EXERCISE AIM: Without altering anything, repeat each of the records.

(Records contained in a dataset)
◇ ◇ ◇ ◇ ◇ ◇ ◇

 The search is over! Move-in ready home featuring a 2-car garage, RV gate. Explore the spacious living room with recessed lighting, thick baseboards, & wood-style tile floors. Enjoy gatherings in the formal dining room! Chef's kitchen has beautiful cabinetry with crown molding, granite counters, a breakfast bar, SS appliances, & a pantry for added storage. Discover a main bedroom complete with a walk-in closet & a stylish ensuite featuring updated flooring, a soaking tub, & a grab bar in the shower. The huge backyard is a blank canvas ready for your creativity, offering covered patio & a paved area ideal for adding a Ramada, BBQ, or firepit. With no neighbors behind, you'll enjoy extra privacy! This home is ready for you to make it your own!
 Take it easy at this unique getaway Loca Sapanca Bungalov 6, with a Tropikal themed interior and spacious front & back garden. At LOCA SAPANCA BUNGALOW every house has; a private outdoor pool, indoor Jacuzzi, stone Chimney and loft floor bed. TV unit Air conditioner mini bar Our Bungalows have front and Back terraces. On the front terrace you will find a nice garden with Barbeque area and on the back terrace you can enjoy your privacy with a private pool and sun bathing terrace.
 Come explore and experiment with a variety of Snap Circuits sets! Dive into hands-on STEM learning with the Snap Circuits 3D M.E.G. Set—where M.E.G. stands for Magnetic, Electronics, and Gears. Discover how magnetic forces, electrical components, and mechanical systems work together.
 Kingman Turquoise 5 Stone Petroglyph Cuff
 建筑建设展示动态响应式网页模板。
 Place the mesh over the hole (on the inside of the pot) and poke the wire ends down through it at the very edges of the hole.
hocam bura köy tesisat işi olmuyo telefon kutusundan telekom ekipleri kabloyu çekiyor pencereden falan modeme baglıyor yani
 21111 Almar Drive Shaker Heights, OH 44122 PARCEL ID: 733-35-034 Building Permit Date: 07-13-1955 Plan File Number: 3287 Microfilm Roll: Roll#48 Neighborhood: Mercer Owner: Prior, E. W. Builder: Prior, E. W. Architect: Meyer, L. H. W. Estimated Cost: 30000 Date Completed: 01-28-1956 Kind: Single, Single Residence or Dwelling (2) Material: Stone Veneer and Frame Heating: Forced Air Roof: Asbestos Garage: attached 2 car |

◇ ◇ ◇ ◇ ◇ ◇ ◇

EXERCISE RESULT:
 The search is over! Move-in ready home featuring a 2-car garage, RV gate. Explore the spacious living room with recessed lighting, thick baseboards, & wood-style tile floors. Enjoy gatherings in the formal dining room! Chef's kitchen has beautiful cabinetry with crown molding, granite counters, a breakfast bar, SS appliances, & a pantry for added storage. Discover a main bedroom complete with a walk-in closet & a stylish ensuite featuring updated flooring, a soaking tub, & a grab bar in the shower. The huge backyard is a blank canvas ready for your creativity, offering covered patio & a paved area ideal for adding a Ramada, BBQ, or firepit. With no neighbors behind, you'll enjoy extra privacy! This home is ready for you to make it your own!
 Take it easy at this unique getaway Loca Sapanca Bungalov 6, with a Tropikal themed interior and spacious front & back garden. At LOCA SAPANCA BUNGALOW every house has; a private outdoor pool, indoor Jacuzzi, stone Chimney and loft floor bed. TV unit Air conditioner mini bar Our Bungalows have front and Back terraces. On the front terrace you will find a nice garden with Barbeque area and on the back terrace you can enjoy your privacy with a private pool and sun bathing terrace.
 Come explore and experiment with a variety of Snap Circuits sets! Dive into hands-on STEM learning with the Snap Circuits 3D M.E.G. Set—where M.E.G. stands for Magnetic, Electronics, and Gears. Discover how magnetic forces, electrical components, and mechanical systems work together.
 Kingman Turquoise 5 Stone Petroglyph Cuff
 建筑建设展示动态响应式网页模板。
 Place the mesh over the hole (on the inside of the pot) and poke the wire ends down through it at the very edges of the hole.
hocam bura köy tesisat işi olmuyo telefon kutusundan telekom ekipleri kabloyu çekiyor pencereden falan modeme baglıyor yani
 21111 Almar Drive Shaker Heights, OH 44122 PARCEL ID: 733-35-034 Building Permit Date: 07-13-1955 Plan File Number: 3287 Microfilm Roll: Roll#48 Neighborhood: Mercer Owner: Prior, E. W. Builder: Prior, E. W. Architect: Meyer, L. H. W. Estimated Cost: 30000 Date Completed: 01-28-1956 Kind: Single, Single Residence or Dwelling (2) Material: Stone Veneer and Frame Heating: Forced Air Roof: Asbestos Garage: attached 2 car |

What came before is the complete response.